Early on in lockdown I got sick. Sicker than I have been for years. I came down with a fever followed by pain in my eyes, throat and then limbs. Even though I did not develop a cough, the question floating in the air was "do I have ‘the’ virus?" I was born with underdeveloped lungs and have lived most of my life with intermittent asthma, so it seemed reasonable to assume that if I did, it would hit my lungs hard. Having had periods of my life where effortless breath was not a luxury, I prioritised keeping my head clear. For me, this was not having any expectations or preferences as to what might happen. I did not develop a significant issue with my lungs. I am still surprised and beyond grateful for that. It was only after losing my sense of taste and smell did I start to think maybe I might have contracted COVID-19. I came out of the illness very weak and not quite me. When I started to feel more myself it was a little like re-entering my body. As the days progressed I was filled up with deep gratitude and tenderness for my ability to breath, taste, walk and feel here again.

As I started to fully recover and the weeks passed I noticed my mind start to speed up and my enjoyment and feeling of connection start to fade.

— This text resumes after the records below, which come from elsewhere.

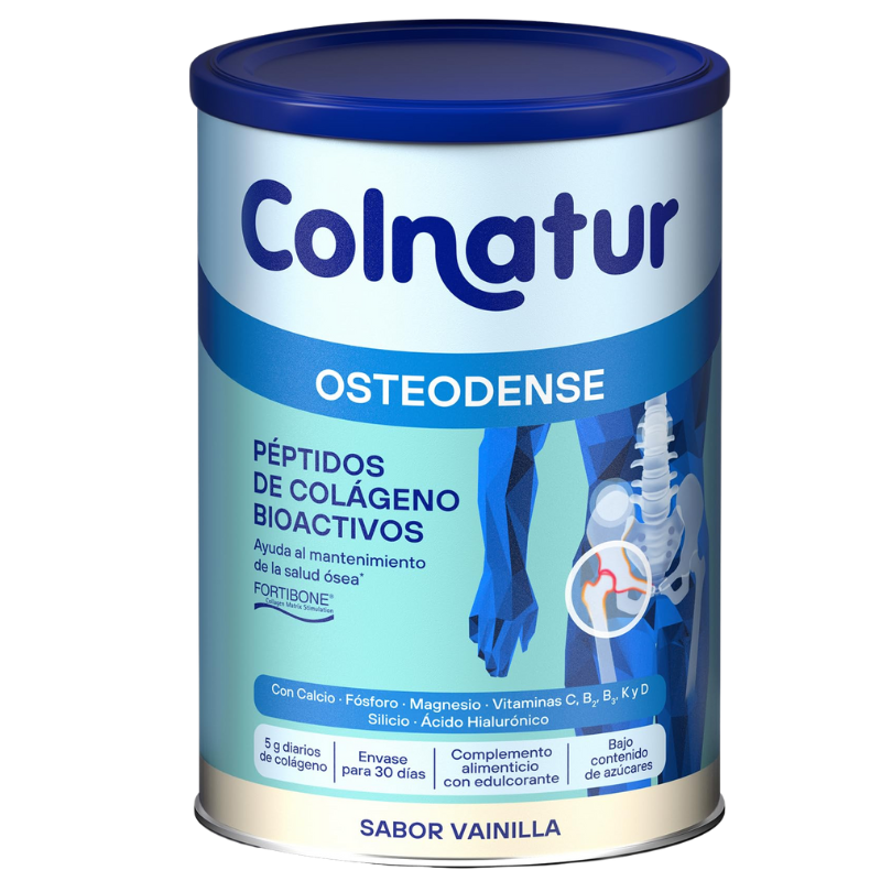 Complemento alimenticio con edulcorante a base de péptidos bioactivos enriquecido con calcio y fósforo (procedente de la leche), magnesio, vitaminas C, B2, B3, K2, D3, silicio (extracto de bambú) y ácido hialurónico que ayuda a los procesos de síntesis y mineralización de los huesos.
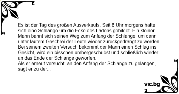 Es ist der Tag des großen Ausverkaufs. Seit 8 Uhr morgens hatte sich eine Schlange um die Ecke des Ladens gebildet. Ein kleiner Mann bahnt sich seinen Weg zum Anfang der Schlange, um dann unter lautem Geschrei der Leute wieder zurückgedrängt zu werden.
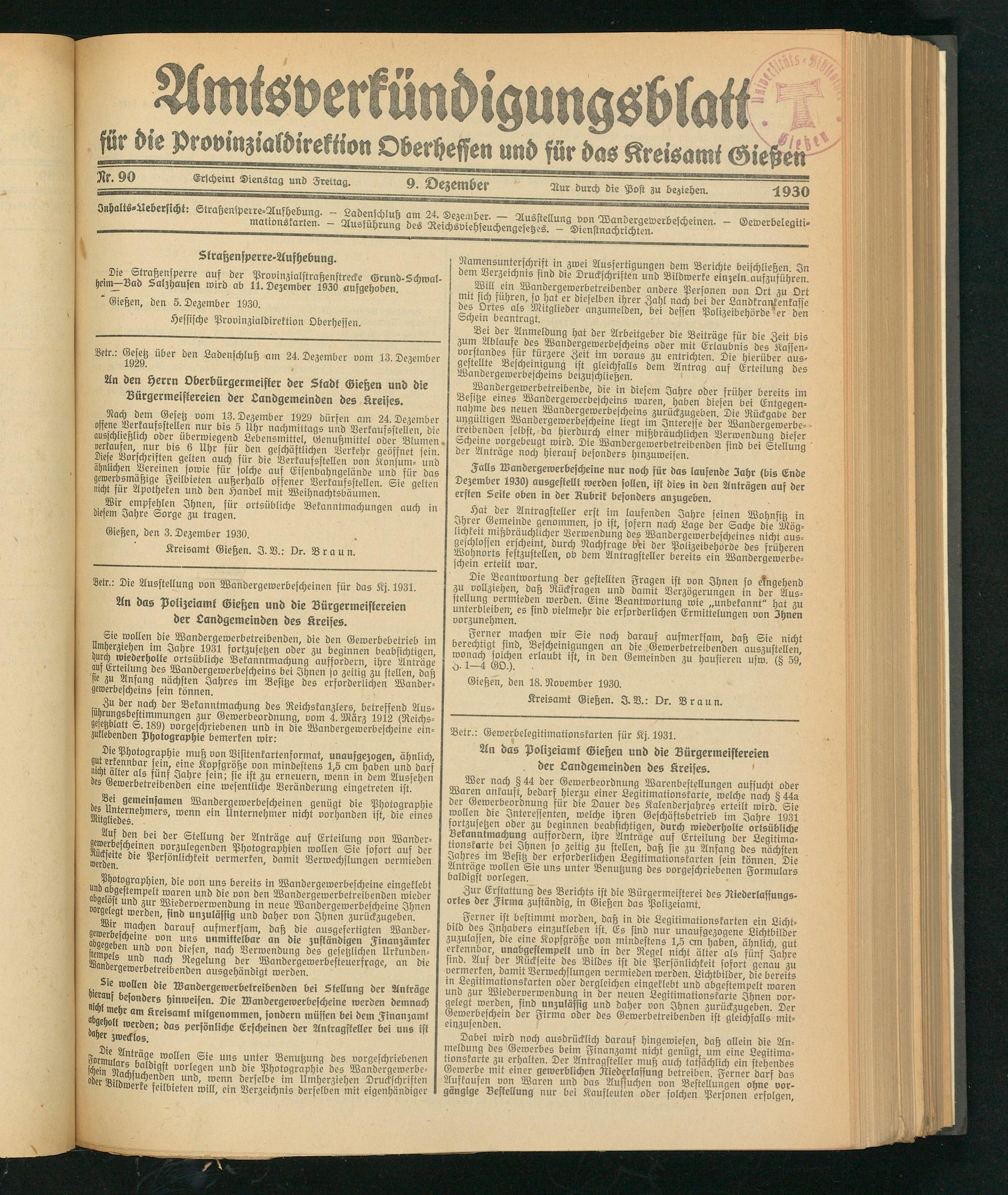 Gießen, den 3. Dezember 1930.

More things started to matter. Silly things. With no real reasons to be busy, I started to find myself filling the gaps in my day with very ‘worthy' errands and projects. I got through my sewing pile, cleaned, decluttered constipated closets and even went on an experimental baking binge. The space between doing the next thing in my day got smaller and tighter as I moved from job to job and I got more impatient and critical of people around me. I had moved away from a deeper feeling of connection in myself to a more subtle anxiety-driven routine. Only a few weeks before I had felt like the luckiest woman in the world to have this gorgeous, interesting and thoughtful partner to be in lockdown with and the most creative, sweet kids to “what are you doing in my way, can’t you find another room to do that in …..”

Without a normal routine to blame, it became obvious to me that I have been creating a lot of my life driven by a subtle level of invisible mental speed. It had been very tricky to see as most of my excess running around thoughts have a label of ‘passion’  and ‘care’ written on them. In a quieter mind, what occurs to me is so much simpler.

We are still in lockdown as I write this. The government is starting to lift some restrictions and the world is trying to go back to some version of normal. I am acutely aware of how much I do not want to go back to my normal before lockdown. I have been experimenting with not listening to so much of my normal mental noise and I feel like I have been left with a simpler, more meaningful life. I still care and feel passionate about what I do but it's with a quieter feeling. Lockdown has restricted me in so many ways but I also see how free I am. 

Like the planet, it has been an incredible chance to rebalance.